NVIDIA Performance Tools Explorer

Advanced Application Profiling Techniques

This section focuses on specific Nsight Systems techniques for in-depth analysis of application performance, covering GPU hardware-level metrics and Python application behavior to uncover complex bottlenecks.

GPU Hardware Profiling with Nsight Systems

What it is: Utilizing Nsight Systems to collect detailed GPU hardware performance counters and metrics. This goes beyond API call tracing to understand how the application is actually utilizing the GPU's architectural components.

Key Use Cases:

Identifying if an application is truly GPU-bound by examining SM (Streaming Multiprocessor) occupancy and activity, Tensor Core usage, and other execution unit statuses.
Understanding GPU memory bandwidth utilization (device memory, L1/L2 cache).
Diagnosing GPU stalls related to memory latency, instruction fetching, or execution dependencies within kernels.
Correlating periods of high/low GPU hardware activity with specific CUDA kernels or graphics API calls on the timeline.

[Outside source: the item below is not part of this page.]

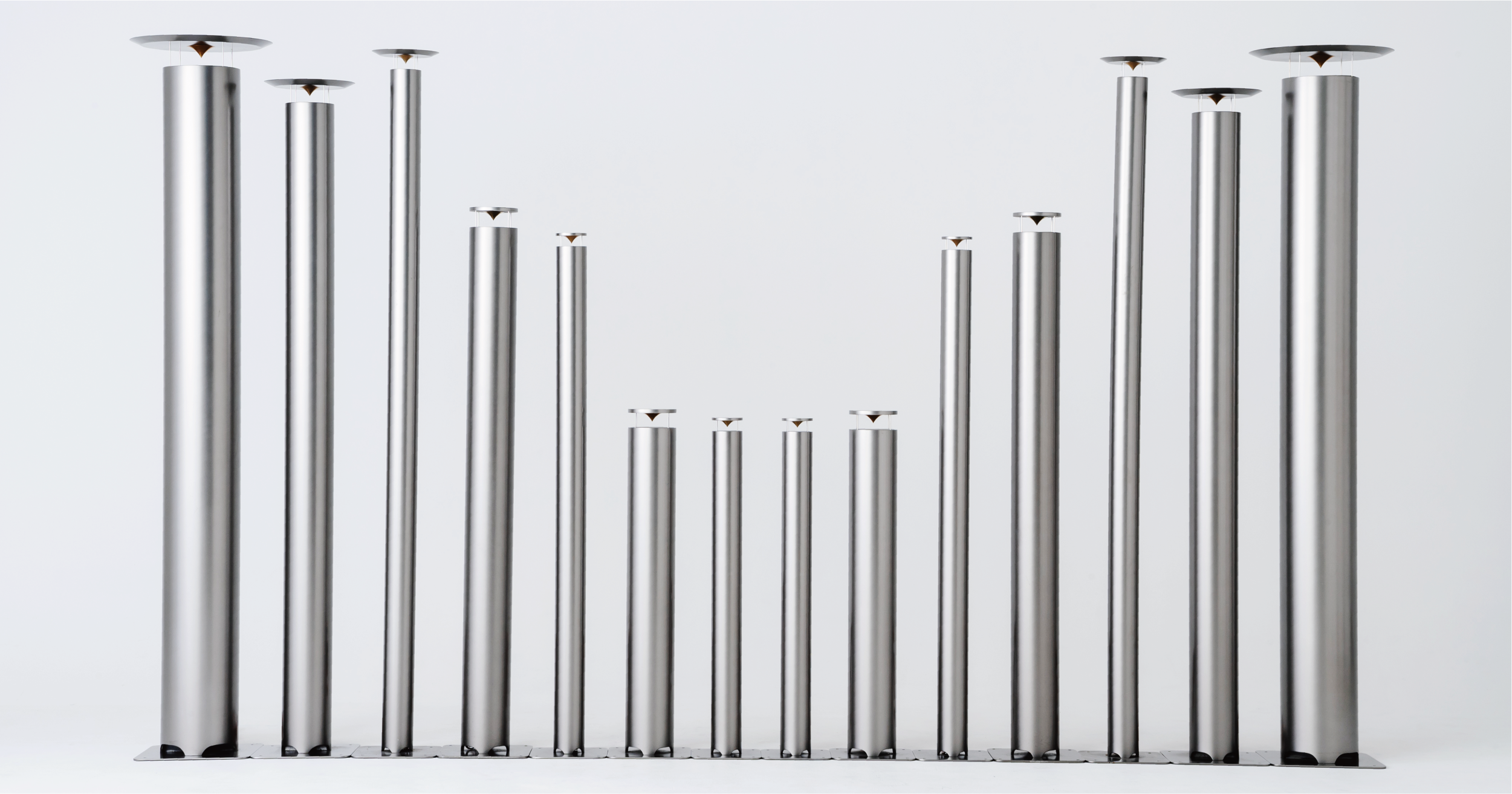 音質を求めた結果たどり着いた、柱状のフォルムが特徴。1つのスピーカーユニットで広い音域を出力し、頂点の反射板を使って周囲へと音を拡げていきます。音の調整を行わない、音源そのままを再生するスピーカーです。

Core Benefit: Provides a deeper understanding of application-GPU hardware interaction, revealing opportunities for optimization by modifying kernel code, launch parameters, or data access patterns. It helps answer "why" a GPU is performing a certain way.

Note: Collecting detailed GPU metrics can introduce higher profiling overhead compared to API tracing alone. Choose metrics and frequency wisely.

After Nsight Systems with GPU metrics helps identify problematic kernels or GPU activity patterns, NVIDIA Nsight Compute is typically used for an even more granular, microarchitectural analysis of those individual CUDA kernels.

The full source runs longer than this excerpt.